> _TASK GOAL_
For the listing below, the answer is an exact retyping of the lines from the one with "행사 첫날인 30일에는" through the one with "プラスサイズの婦人服 2023 夏服脂肪姉妹気質人形襟スカート緩い痩身オールマッチデザインセンスドレス", both included, without pictures.

> _SUPPLIED MATERIAL_
━━━━━━
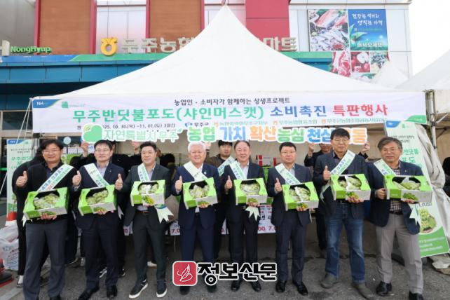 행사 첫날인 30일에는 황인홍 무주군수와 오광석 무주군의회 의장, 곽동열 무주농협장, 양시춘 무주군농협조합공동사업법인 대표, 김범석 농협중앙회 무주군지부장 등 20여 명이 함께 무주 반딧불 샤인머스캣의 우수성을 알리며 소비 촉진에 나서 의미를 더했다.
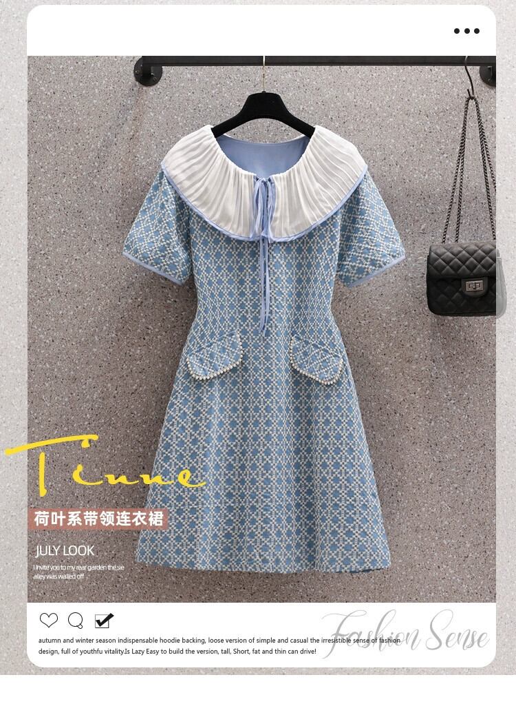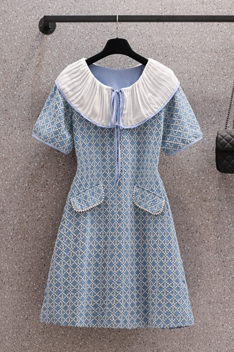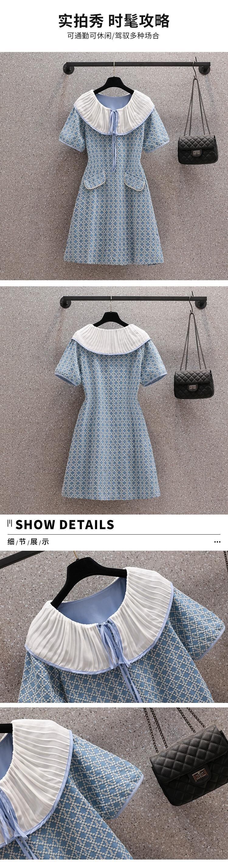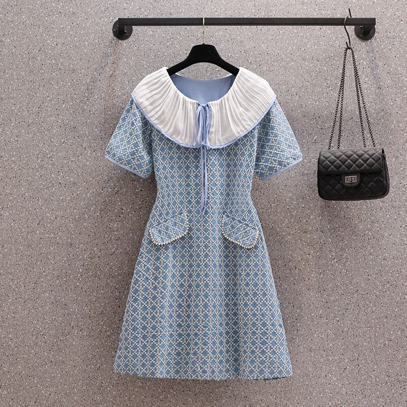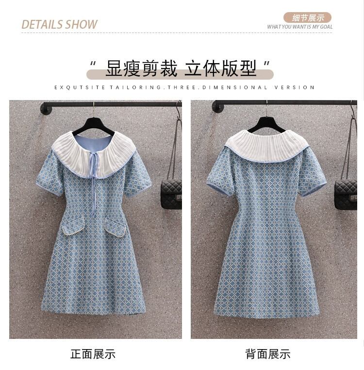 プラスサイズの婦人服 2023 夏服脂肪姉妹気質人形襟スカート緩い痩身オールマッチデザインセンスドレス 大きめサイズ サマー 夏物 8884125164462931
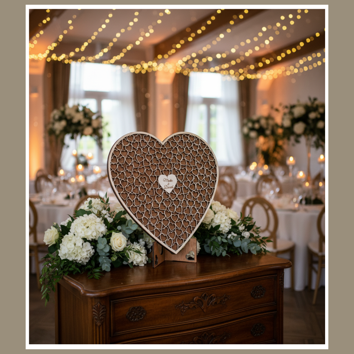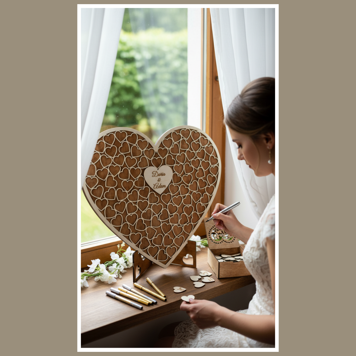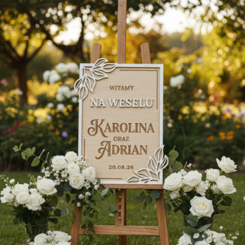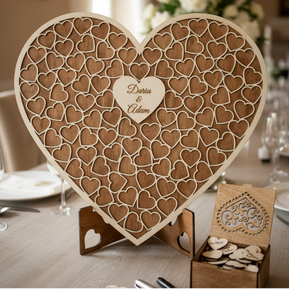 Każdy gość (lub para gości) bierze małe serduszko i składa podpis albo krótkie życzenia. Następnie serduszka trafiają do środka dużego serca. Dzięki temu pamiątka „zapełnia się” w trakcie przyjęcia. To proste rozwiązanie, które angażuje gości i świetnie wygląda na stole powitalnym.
━━━━━━
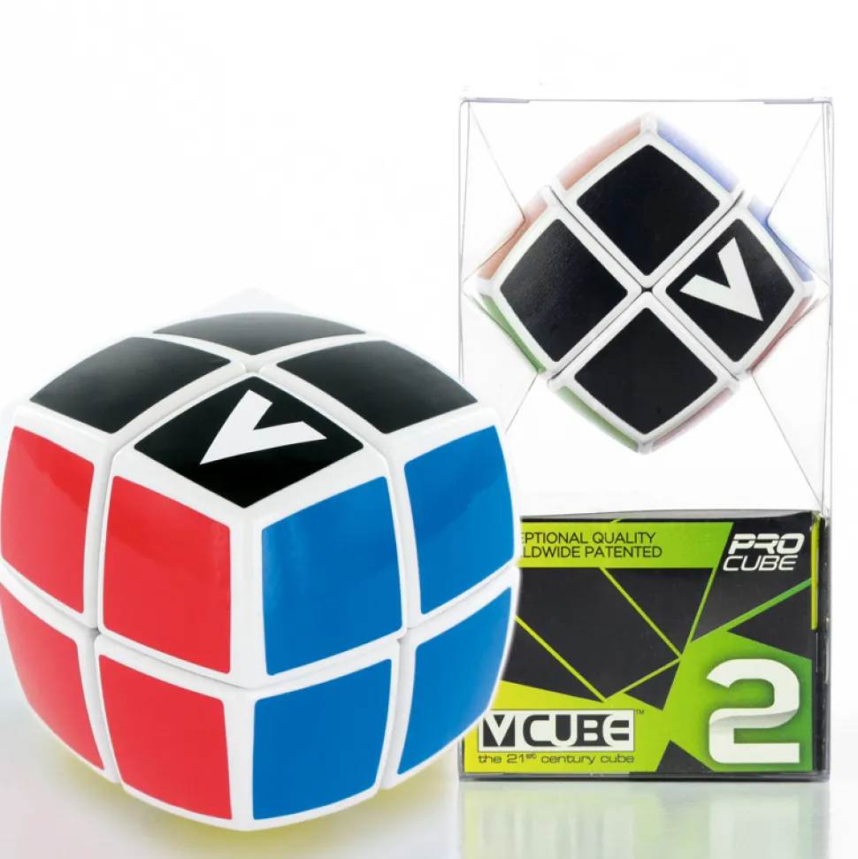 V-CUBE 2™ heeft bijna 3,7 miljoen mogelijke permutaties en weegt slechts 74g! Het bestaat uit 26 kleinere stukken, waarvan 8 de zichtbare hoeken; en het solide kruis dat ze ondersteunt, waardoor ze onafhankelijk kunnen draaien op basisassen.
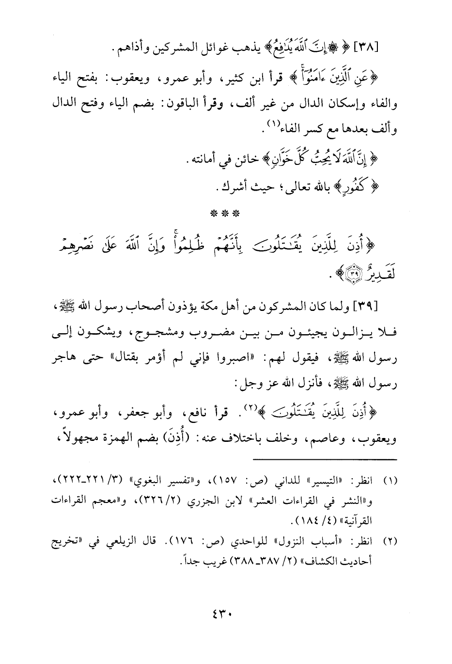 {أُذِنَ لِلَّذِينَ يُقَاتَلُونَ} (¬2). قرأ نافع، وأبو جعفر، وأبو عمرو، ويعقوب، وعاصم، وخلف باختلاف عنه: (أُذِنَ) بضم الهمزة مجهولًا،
━━━━━━
> _ANSWER BOX_
 행사 첫날인 30일에는 황인홍 무주군수와 오광석 무주군의회 의장, 곽동열 무주농협장, 양시춘 무주군농협조합공동사업법인 대표, 김범석 농협중앙회 무주군지부장 등 20여 명이 함께 무주 반딧불 샤인머스캣의 우수성을 알리며 소비 촉진에 나서 의미를 더했다.
 プラスサイズの婦人服 2023 夏服脂肪姉妹気質人形襟スカート緩い痩身オールマッチデザインセンスドレス 大きめサイズ サマー 夏物 8884125164462931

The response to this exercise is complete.